**DATA EXCERPT**.
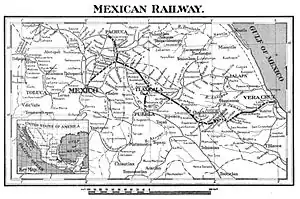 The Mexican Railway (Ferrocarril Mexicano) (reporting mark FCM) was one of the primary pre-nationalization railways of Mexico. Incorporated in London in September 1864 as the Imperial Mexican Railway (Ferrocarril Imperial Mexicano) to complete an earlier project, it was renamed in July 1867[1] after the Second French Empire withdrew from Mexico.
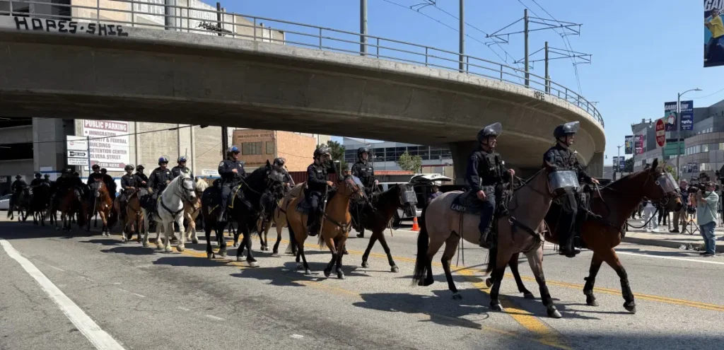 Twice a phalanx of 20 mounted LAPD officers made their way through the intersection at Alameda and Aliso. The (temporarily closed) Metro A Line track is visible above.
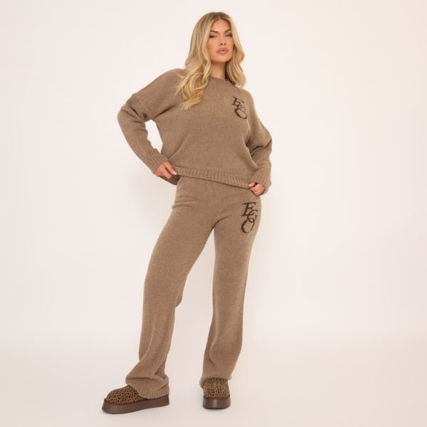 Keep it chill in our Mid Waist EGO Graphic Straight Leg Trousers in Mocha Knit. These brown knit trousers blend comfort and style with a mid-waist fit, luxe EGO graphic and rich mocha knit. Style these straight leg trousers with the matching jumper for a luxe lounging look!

**ABOUT THIS EXERCISE**. The output is the data above, repeated exactly, with pictures omitted.

**EXERCISE OUTPUT**.
 The Mexican Railway (Ferrocarril Mexicano) (reporting mark FCM) was one of the primary pre-nationalization railways of Mexico. Incorporated in London in September 1864 as the Imperial Mexican Railway (Ferrocarril Imperial Mexicano) to complete an earlier project, it was renamed in July 1867[1] after the Second French Empire withdrew from Mexico.
 Twice a phalanx of 20 mounted LAPD officers made their way through the intersection at Alameda and Aliso. The (temporarily closed) Metro A Line track is visible above.
 Keep it chill in our Mid Waist EGO Graphic Straight Leg Trousers in Mocha Knit. These brown knit trousers blend comfort and style with a mid-waist fit, luxe EGO graphic and rich mocha knit. Style these straight leg trousers with the matching jumper for a luxe lounging look!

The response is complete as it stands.